Los gritos de Fermín Romero de Torres se oían desgarrando las paredes al fondo del corredor. De las puertas entreabiertas se asomaban varias caras chupadas y asustadas, caras de pensión y sopa aguada.

– Venga, y los demás a dormir, coño, que esto no es una revista del Molino -exclamó doña Encarna con furia.

Nos detuvimos frente a la puerta de la habitación de Fermín. Mi padre golpeó suavemente con los nudillos.

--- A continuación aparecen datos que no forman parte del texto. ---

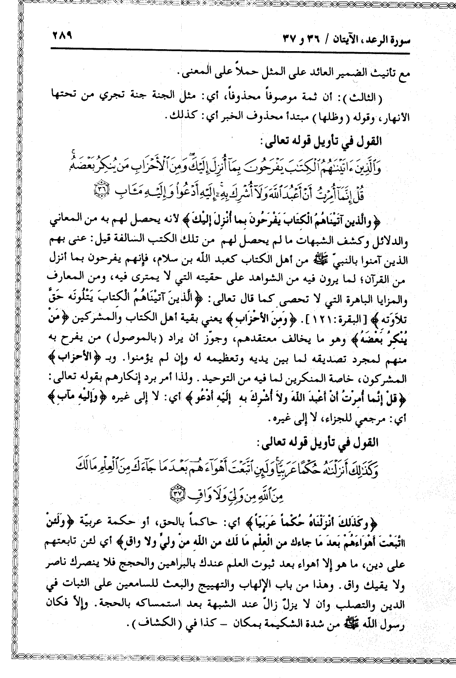 القول في تأويل قوله تعالى: [سورة الرعد (13) : آية 36]
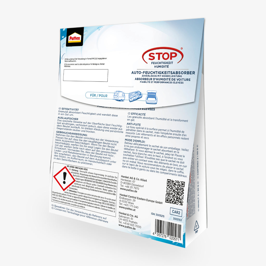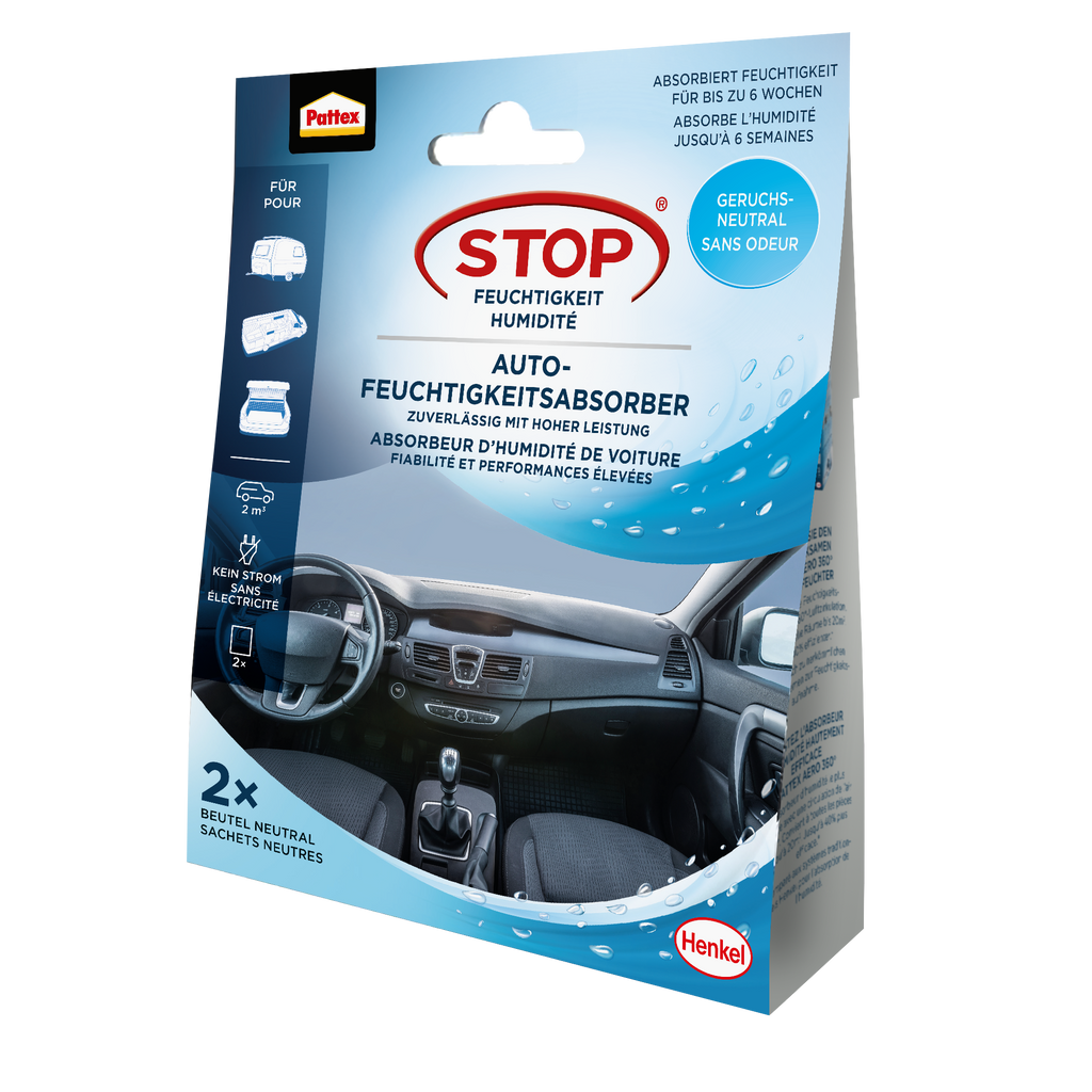 Der Pattex AERO 360° Auto Sachet wirkt bis zu 6 Wochen pro Beutel und unterstützt ein trockenes und angenehmes Klima – ganz ohne lästiges Tropfen oder Nachfüllen. So schützen Sie Ihr Auto, Ihre Textilien und empfindliche Gegenstände zuverlässig vor Schimmel, Stockflecken und Feuchtigkeitsschäden.

– ¿Fermín? ¿Está usted ahí? Soy Sempere.

El aullido que atravesó la pared me heló el corazón. Incluso doña Encarna perdió la compostura de gobernanta y se llevó las manos al corazón, oculto bajo los pliegues abundantes de su frondosa pechuga.

Mi padre llamó de nuevo.

– ¿Fermín? Ande, ábrame.

Fermín aulló de nuevo, lanzándose contra las paredes, gritando obscenidades hasta desgañitarse. Mi padre suspiró.

– ¿Tiene usted llave de esta habitación?

– Pues claro.

– Démela.

Doña Encarna dudó. Los demás inquilinos se habían vuelto a asomar al pasillo, blancos de terror. Aquellos gritos se tenían que oír desde Capitanía.

– Y tú, Daniel, corre a buscar al doctor Baró, que está aquí al lado, en el 12 de Riera Alta.

– Oiga, ¿no sería mejor llamar a un cura?, porque a mí éste me suena a endemoniado -ofreció doña Encarna.

– No. Con un médico va que se mata. Venga, Daniel. Corre. Y usted deme esa llave, haga el favor.

El doctor Baró era un solterón insomne que pasaba las noches leyendo a Zola y mirando estereogramas de señoritas en paños menores para combatir el tedio. Era cliente habitual en la tienda de mi padre y él mismo se autocalificaba de matasanos de segunda fila, pero tenía más ojo para acertar diagnósticos que la mitad de los doctores de postín con consulta en la calle Muntaner. Gran parte de su clientela la componían furcias viejas del barrio y desgraciados que apenas podían pagarle, pero a los que atendía igualmente. Yo le había escuchado decir más de una vez que el mundo era un orinal y que estaba esperando a que el Barcelona ganase la liga de una puñetera vez para morirse en paz. Me abrió la puerta en bata, oliendo a vino y con un pitillo apagado en los labios.

– ¿Daniel?

– Me manda mi padre. Es una emergencia.

Cuando regresamos a la pensión nos encontramos a doña Encarna sollozando de puro susto, al resto de los inquilinos con color de cirio gastado y a mi padre sosteniendo en sus brazos a Fermín Romero de Torres en un rincón de la habitación. Fermín estaba desnudo, llorando y temblando de terror. La habitación estaba destrozada, las paredes manchadas con lo que no sabría decir si era sangre o excremento. El doctor Baró echó un rápido vistazo a la situación y, con un gesto, le indicó a mi padre que tenían que tender a Fermín en la cama. Les ayudó el hijo de doña Encarna, que aspiraba a boxeador. Fermín gemía y se convulsionaba como si una alimaña le estuviese devorando las entrañas.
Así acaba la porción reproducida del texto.